Towards Fair Medical AI: Adversarial Debiasing of 3D CT Foundation Embeddings
Guangyao Zheng, Michael A. Jacobs, Vladimir Braverman, Vishwa S., Parekh

TL;DR
This paper introduces an adversarial debiasing method for 3D CT embeddings that removes demographic biases, enhancing fairness in medical AI applications without sacrificing predictive performance.
Contribution
It presents a novel VAE-based adversarial framework to debias self-supervised 3D CT embeddings, ensuring fairness and robustness in clinical tasks.
Findings
Debiased embeddings eliminate demographic information effectively.
Fairness improved without reducing lung cancer risk prediction accuracy.

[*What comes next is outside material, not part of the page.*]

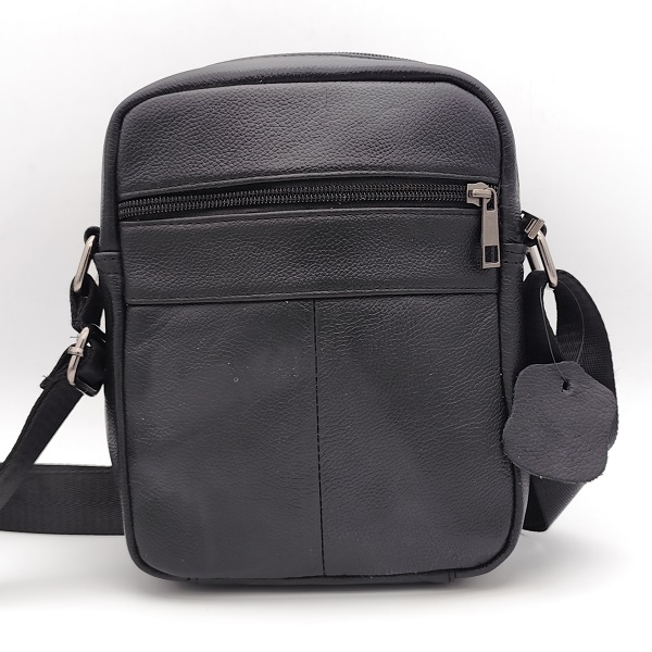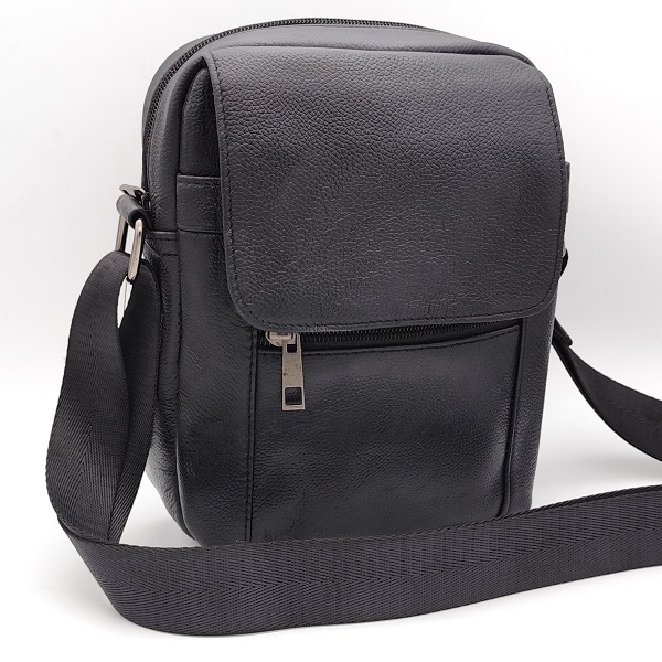Мъжка чанта от естествена кожа с голямо капаче и преден цип – изчистен модел за през рамо

Embeddings become robust against adversarial bias attacks.
Abstract
Self-supervised learning has revolutionized medical imaging by enabling efficient and generalizable feature extraction from large-scale unlabeled datasets. Recently, self-supervised foundation models have been extended to three-dimensional (3D) computed tomography (CT) data, generating compact, information-rich embeddings with 1408 features that achieve state-of-the-art performance on downstream tasks such as intracranial hemorrhage detection and lung cancer risk forecasting. However, these embeddings have been shown to encode demographic information, such as age, sex, and race, which poses a significant risk to the fairness of clinical applications. In this work, we propose a Variation Autoencoder (VAE) based adversarial debiasing framework to transform these embeddings into a new latent space where demographic information is no longer encoded, while maintaining the performance of…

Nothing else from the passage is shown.